Back then, which was not so long ago, a law library was an essential tool for legal research.  Perhaps that is not the case anymore – especially for those law libraries that do not employ true law librarians (who can be an incredibly useful part of a research strategy – but who, especially outside the United States where ABA rules require them, are increasingly scarce or even non-existent in law school law libraries).

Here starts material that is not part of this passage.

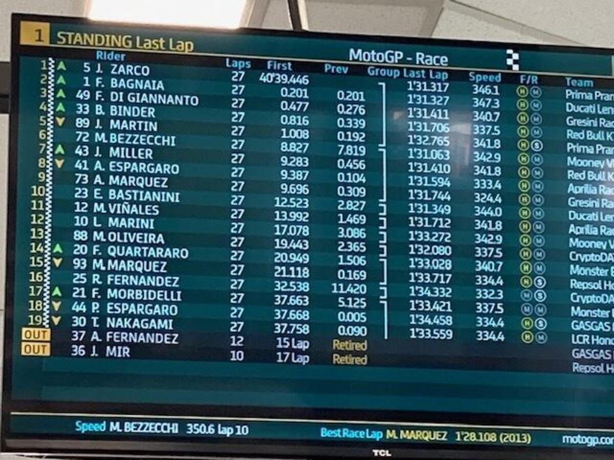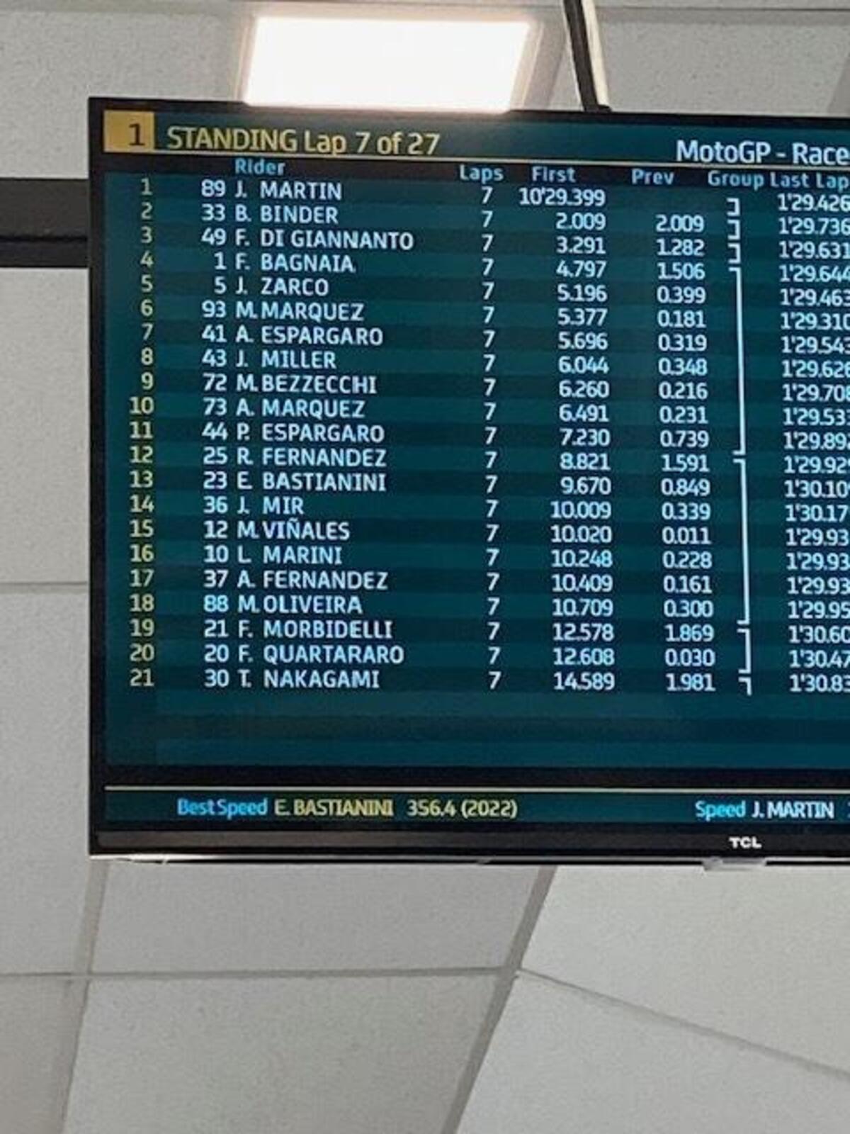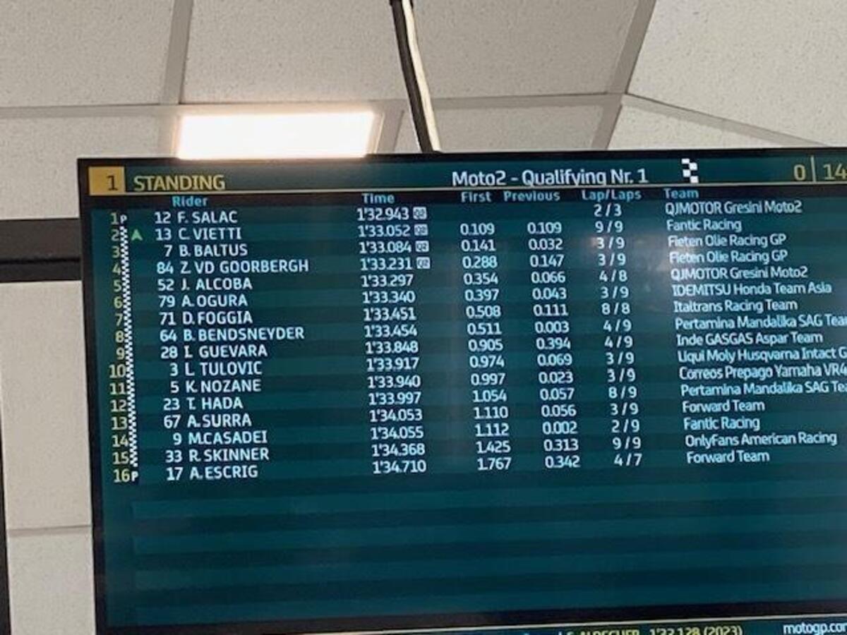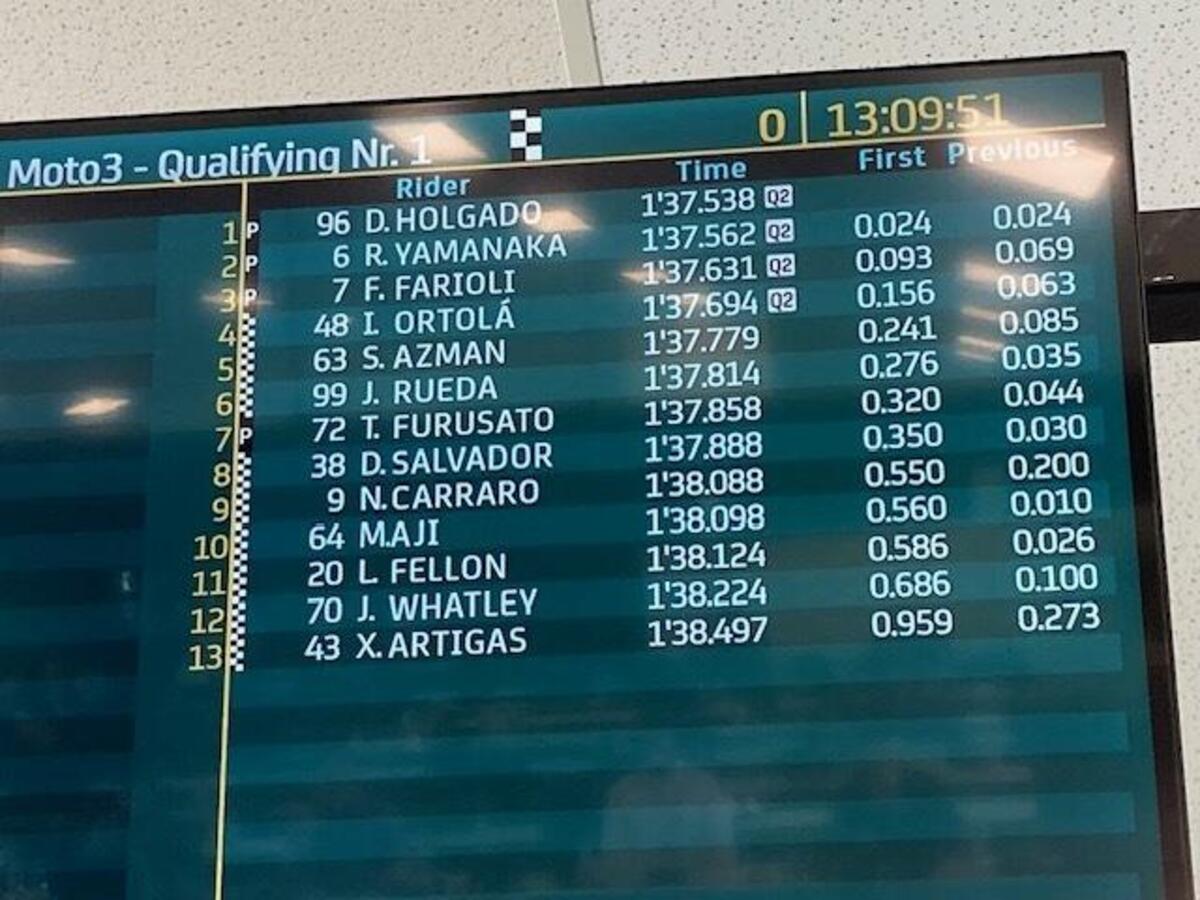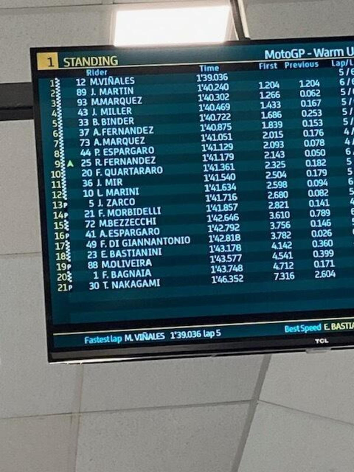 Ecco i dieci piloti già in Q2: Binder, Miller, Vinales, Martin, P.Espargaro, Bezzecchi, Di Giannantonio, Bastianini, A.Espargaro, Zarco.

While I do not agree completely with the recent title of an interesting blog post on electronic research (“Libraries are for Hobos: New Resources for Legal Research“), I  suspect that if there were no comfortable study places in our law school libraries, those libraries would be empty with hardly any foot traffic.  Thus, I have for a while felt that it is time to consider changing the relationship between law schools and their law libraries.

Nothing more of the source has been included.